I wanted to learn training GPT-2 as it is a powerful model. For simplicity, I chose Connect Four. This project serves as a basic example, with future plans for more complex applications.

I published the code in my Github repo

Game Overview

Connect Four is a simple strategy game where two players drop colored discs into a grid, aiming to connect four in a row. For more information, see the Wikipedia page.

Generating Training Data

Using the easyAI module, I created the script and added a random player to generate diverse game data.

AIs implemented in module are deterministic, so using AI vs AI would yeld the same results.
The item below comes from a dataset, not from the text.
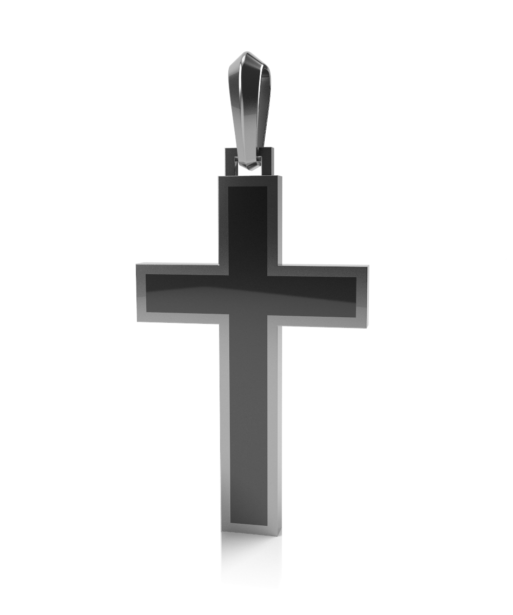 Стильная подвеска-крест, выполненная из белого золота 585 пробы в сочетании с черной керамикой.
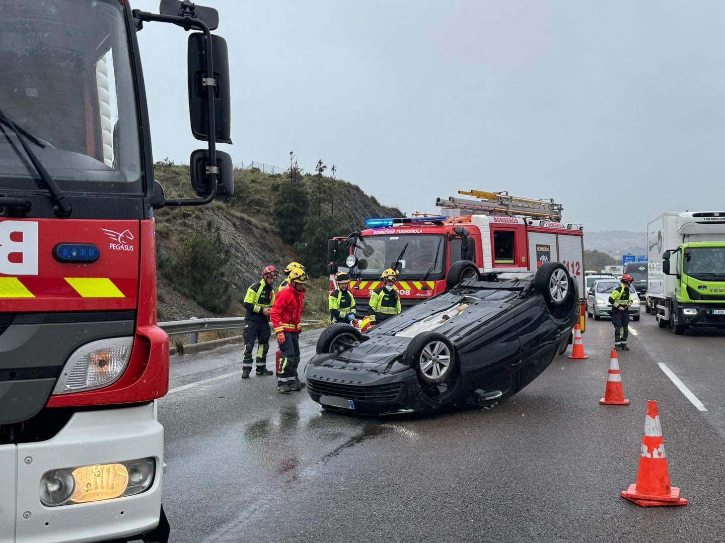 Vuelca un vehículo en la A-7 por Fuengirola: el conductor salió por su propio pie

This is why I used random player.

class RandomPlayer:
    def __init__(self, name="Human"):
        self.name = name

    def ask_move(self, game):
        possible_moves = game.possible_moves()
        return possible_moves[random.randint(0, len(possible_moves) - 1)]

The data generated by script is in format:

1353

I decided to convert it to:

[A1][B3][A5][B3]

So every possible step could be represented by unique token and the network could understand then a certain player is making a move.
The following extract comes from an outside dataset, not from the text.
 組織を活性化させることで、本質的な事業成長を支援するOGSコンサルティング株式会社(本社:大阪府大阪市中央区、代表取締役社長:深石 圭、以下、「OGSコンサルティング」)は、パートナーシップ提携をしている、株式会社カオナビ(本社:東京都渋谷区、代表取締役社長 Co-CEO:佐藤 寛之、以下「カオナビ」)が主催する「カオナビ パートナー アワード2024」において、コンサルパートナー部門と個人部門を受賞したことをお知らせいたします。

For this I had to create new tokens:

'[A0]', '[A1]', '[A2]', '[A3]', '[A4]', '[A5]', '[A6]', '[B0]', '[B1]', '[B2]', '[B3]', '[B4]', '[B5]', '[B6]'

And add them to tokenizer:

special_tokens = [f'[{letter}{number}]' for letter in 'AB' for number in range(7)]
tokenizer.add_special_tokens({'pad_token': '[PAD]', 'additional_special_tokens': special_tokens})
tokenizer.save_pretrained('./tokenizer')
model.resize_token_embeddings(len(tokenizer))
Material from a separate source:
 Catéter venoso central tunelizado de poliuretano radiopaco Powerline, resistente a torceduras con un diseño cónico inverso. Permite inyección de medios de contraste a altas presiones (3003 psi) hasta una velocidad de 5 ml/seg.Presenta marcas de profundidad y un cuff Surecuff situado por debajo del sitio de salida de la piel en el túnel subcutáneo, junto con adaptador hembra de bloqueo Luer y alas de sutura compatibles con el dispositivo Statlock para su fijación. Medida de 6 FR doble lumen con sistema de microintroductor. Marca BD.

To be sure, that network generates something that makes sense I created a custom callback, that fires after every evaluation:

class PrintRandomSampleCallback(TrainerCallback):
    def __init__(self, _validation_dataset):
        self.validation_dataset = _validation_dataset

    def on_evaluate(self, args, state, control, **kwargs):
        try:
            random_idx = random.randint(0, len(self.validation_dataset) - 1)
            sample = self.validation_dataset[random_idx]
            input_decoded = sample['input_text']
            label_decoded = sample['label_text']
            input = tokenizer(input_decoded, return_tensors='pt', padding=True, truncation=True).to("cuda:0")
            model.eval()
            with torch.no_grad():
                outputs = model.generate(input['input_ids'], attention_mask=input['attention_mask'],
                                         num_return_sequences=1, max_new_tokens=1,
                                         pad_token_id=tokenizer.pad_token_id)
            prediction_decoded = tokenizer.decode(outputs[0], clean_up_tokenization_spaces=True).replace(" ", "")
            print(f"Random validation sample:\nI: {input_decoded}\nL: {label_decoded}\nR: {prediction_decoded}")
        except Exception as e:
            print(e)

Model can be tested with last script. I created a new player class, that uses the trained model to make moves:

class GPTPlayer:
    def __init__(self, name="Human"):
        checkpoint_path = './fine-tuned-gpt2'
        self.model = GPT2LMHeadModel.from_pretrained(checkpoint_path).to("cuda:0")
        self.tokenizer = GPT2Tokenizer.from_pretrained(checkpoint_path)
        self.special_tokens = {f'[{letter}{number}]': number for letter in 'AB' for number in range(7)}
        self.name = name

    def ask_move(self, game):
        input_decoded = "".join([["[A", "[B"][num % 2] + str(x) + "]" for num, x in enumerate(game.history)])
        input = self.tokenizer(input_decoded, return_tensors='pt', padding=True, truncation=True).to("cuda:0")
        self.model.eval()
        with torch.no_grad():
            outputs = self.model.generate(input['input_ids'], attention_mask=input['attention_mask'],
                                          num_return_sequences=1, max_new_tokens=1,
                                          pad_token_id=self.tokenizer.pad_token_id)
        move_token = self.tokenizer.decode(outputs[0], clean_up_tokenization_spaces=True).split(" ")[-1]
        return self.special_tokens[move_token]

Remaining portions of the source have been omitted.